# In Remembrance Of Those We Have Lost To Addiction



## Jim Soloway (Sep 27, 2013)

This song is called "Memories Of A Friend No Longer With Us". I wrote it several years ago when I lost three friends in just a few weeks to their struggles with addiction. As sad and shocking as that was then, in 2017 it seems to have become a just regular part of life. So I've revisited this piece in a new recording to remember those many who we've lost and continue to lose. I hope it provides a few minutes of peace for those who are left behind.

For those who care about the technical details, I'm playing a Godin Montreal Premiere through a Gallien Krueger MB200 amp powering an Earcandy ported 1x10 cab. I'm running through a Hardwire RV7 reverb and a Boss TR-2 tremolo. The guitar is strung with a custom set of Thomastik Infeld Swing Series 12's and tuned down one full tone to D-standard.


----------



## doriangrey (Mar 29, 2011)

Wow, great playing and great song - very nicely done sir!!! I have also lost people close to me due to addiction it is very sad and tragic when such bad things have such a strong grip on good people. Thank you for remembering and for your great song.


----------



## Jim Soloway (Sep 27, 2013)

doriangrey said:


> Wow, great playing and great song - very nicely done sir!!! I have also lost people close to me due to addiction it is very sad and tragic when such bad things have such a strong grip on good people. Thank you for remembering and for your great song.


Thanks. I know that Langley is having very similar problems to Nanaimo.
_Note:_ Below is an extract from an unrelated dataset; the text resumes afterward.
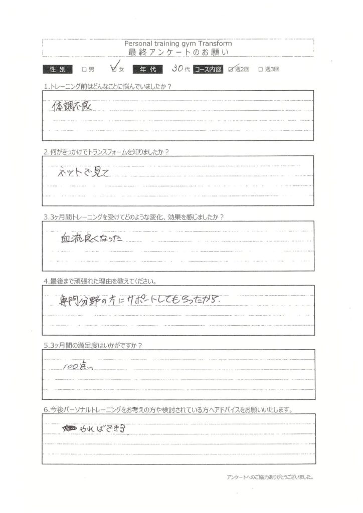 最終アンケート 30代 女性

It's unavoidable here and it's a tough thing to watch.


----------



## Judas68fr (Feb 5, 2013)

A very nice and moving piece of music! I really love the tone and playing, congrats!

For the story behind it, I too unfortunately have friends back in France who had really bad addiction issues (luckily all managed to get back from it, but ended up loosing a lot).


----------



## HighNoon (Nov 29, 2016)

Excellent song. Get that one laid down with keys, bass and drums....would be very cool.


----------